* * *
Мы обрушиваемся на землю с невероятно жутким грохотом. Корабль дробит деревья в щепки, а потом ударяется об землю с такой силой, что я врезаюсь головой в приборную панель, и голову пронзает боль, но я все еще сохраняю сознание, сохраняю сознание и слышу каждый треск, каждый щелчок и скрежет, с которым корабль прорывает посреди болота длинную колею, переворачиваясь снова и снова, что может означать только одно – отвалились крылья. Все падает на потолок, а потом в кабине образуется трещина, в которую хлещет болотная вода, и мы снова переворачиваемся…
И замедляемся…
Вращаемся медленнее…
Металл оглушительно скрежещет, и основное освещение гаснет, когда мы делаем еще один оборот, и его тут же заменяет мерцающее аварийное.
Вращение замедляется…
Замедляется, а потом…
Останавливается.
Я все еще дышу. Голова болит и кружится, я едва ли не вниз головой вишу на ремне кресла.
Но я дышу.
– Мам? – говорю я, оглядываясь и смотря вниз. – Мам?
– Виола? – слышится в ответ.
– Мам?
Я поворачиваюсь туда, где должно быть ее кресло.
Но его там нет.
Я разворачиваюсь сильнее.
И вижу ее на потолке. Кресло вырвало с места.
И от того, как она лежит там…
От того, как она лежит там, скрючившись…
– Виола? – снова говорит она.
От того, как она произносит мое имя, у меня внутри все сжимается…
Нет, думаю я. Нет.
И пытаюсь выбраться из кресла, чтобы добраться до нее.
* * *
– Завтра важный день, дружище, – сказал папа, входя в машинное отделение, где я меняю трубки охлаждающей системы. Это одна из миллиона работ, которую мне поручили в последние пять месяцев, чтобы чем-то меня занять. – Мы наконец выходим на орбиту.
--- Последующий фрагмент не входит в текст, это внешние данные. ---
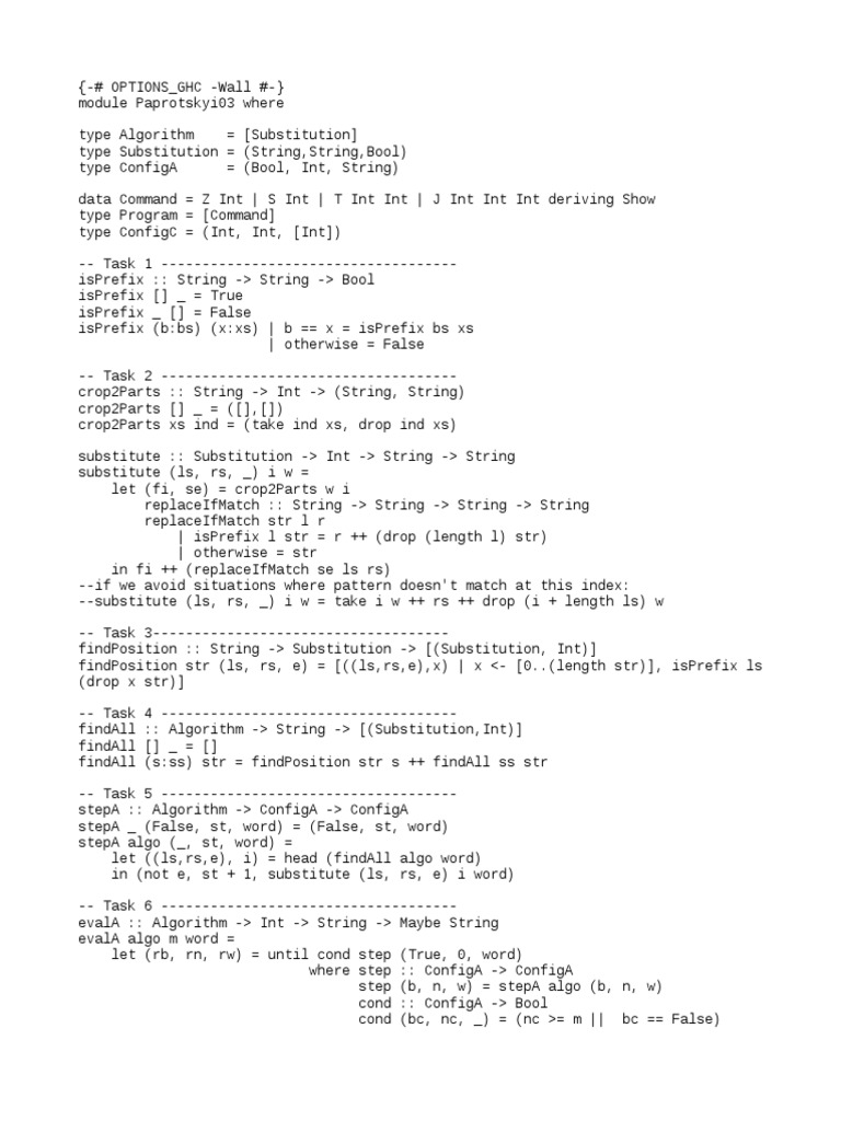 -- Task 5 ------------------------------------ stepA :: Algorithm -> ConfigA -> ConfigA stepA _ (False, st, word) = (False, st, word) stepA algo (_, st, word) = let ((ls,rs,e), i) = head (findAll algo word) in (not e, st + 1, substitute (ls, rs, e) i word)

Я вставила последнюю трубку до щелчка:
– Отлично.
Он замолчал.
– Я знаю, тебе нелегко, Виола.
– Почему это вдруг тебе не все равно? Меня никто даже не спросил.
Он подошел ближе.
– Чего ты боишься, Виола? – спросил он, и это тот же самый вопрос, который задал мне раньше Брэдли. Я оглядываюсь на него. – Того, что мы можем там обнаружить? Или просто перемен?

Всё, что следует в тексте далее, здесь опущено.